From identifying potholes to proposing ideas for newly elected mayors, cities are engaging the knowledge and needs of residents. Such efforts, often supported by public private partnerships, or in collaboration with universities such as the Ash Center at the Harvard Kennedy School, seek to facilitate both engagement and action. Last month, on the 5th anniversary of New York City’s Data Law, the city launched a new portal for its open-data efforts to help “data novices” more easily access it. “Refreshingly,” writes Stephen Goldsmith, a professor at the Ash Center, “we also see that a citizen’s judgment concerning the trustworthiness of the local government can be facilitated by public transparency and social media use, resulting in more participation in solving the community’s problems.”

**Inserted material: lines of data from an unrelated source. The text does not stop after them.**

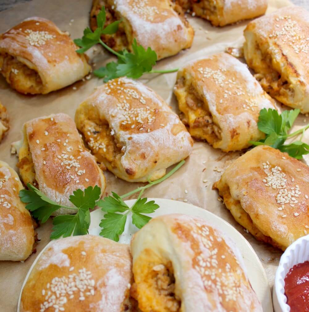 Paszteciki z farszem a la bolognese Dziś mam dla Was przepis, który sprawdzi się zarówno na przyjęciach lub spotkaniach z przyjaciółmi, jak i na pyszny domowy obiad. Paszteciki z farszem a la bolognese, to nic innego jak drożdżowe paszteciki nadziane mięsem mielonym z dodatkiem sosu bolońskiego, odrobiny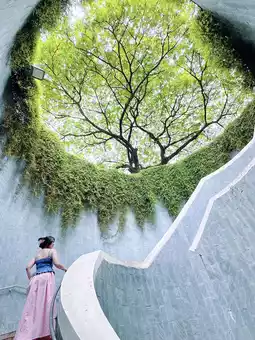 🌻 This park is home to the famous 'skylight' in Singapore. It features a spiral tunnel beneath a massive ancient tree, with light streaming through the leaves. Climbing the steps from below, it feels like ascending a 'stairway to heaven.'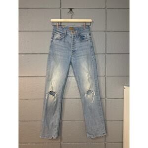 Women's Mother The Tripper Cut Flower Boot Cut Distressed Light Wash Jeans sz 25
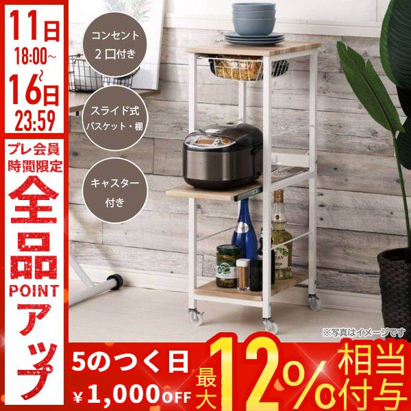 スリム 2段 3段 炊飯器 2口コンセント キッチン ワゴン ラック ナチュラル ホワイト ヴィンテージ調 木調 階層型シェルフ 天板付き コンパクト オーブンラック ラック収納 棚 アイデア 収納棚 調味料 作業台 収納ワゴン 収納ラック コンセント カゴ付き バスケット付き ヴィンテージ調 スペース 炊飯器置き レンジ置き 新生活 一人暮らし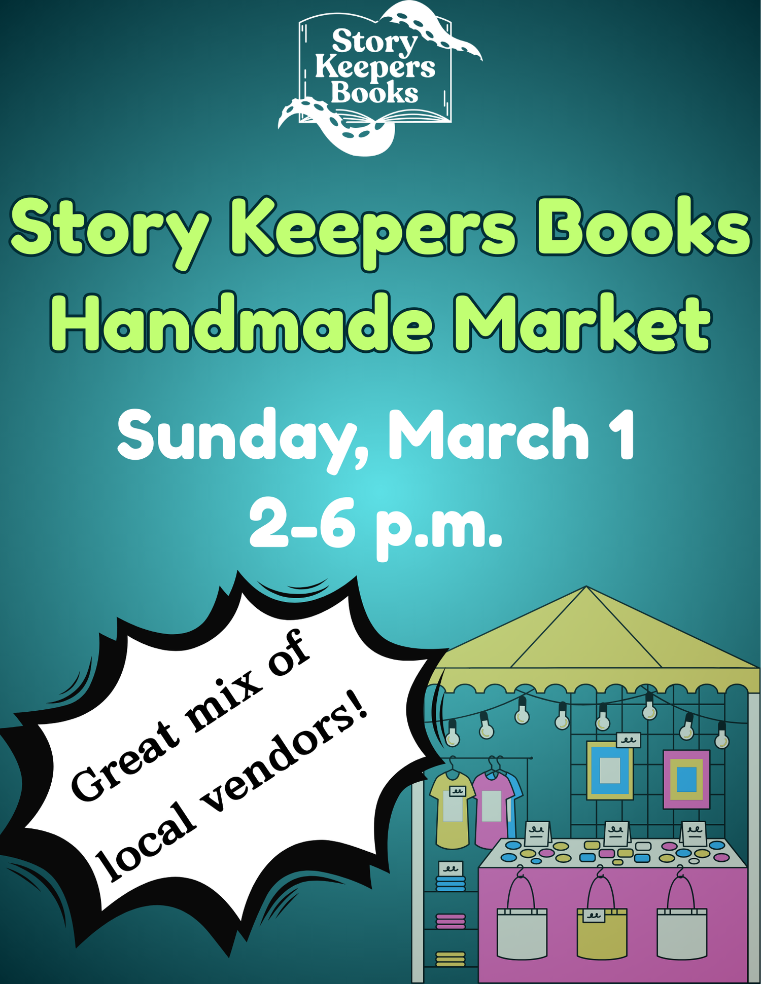 On Sunday, March 1 from 2–6 PM, Story Keepers Books transforms into a Handmade Market filled with one-of-a-kind, artisan-crafted goods. We’re clearing the shelves and handing the spotlight to talented local makers — from art and décor to gifts you won’t find anywhere else.

“Civtech” has come to be a catch all for such efforts, but the term leaves much to be desired. In The City of Tomorrow, Carlo Ratti and Matthew Claudel give the concept an alluring tweak. “Futurecraft in urban space,” as they call it, refers not to the new technologies and platforms but to the practice of developing, enabling, and utilizing the technologies and platforms. Crucial to successful practice is “bidirectional interface,” by which participants can access information as well as add and change it—two-way conversations, in other words, but with way more than two people.
Nearly a decade ago, Clay Shirky published Here Comes Everybody, which foretold of a radical future in which organizing could proceed, as the subtitle has it, without organizations. Not dissimilarly, trust building today indeed favors everybody over traditional organizations, a phenomenon being played out in cities around the world.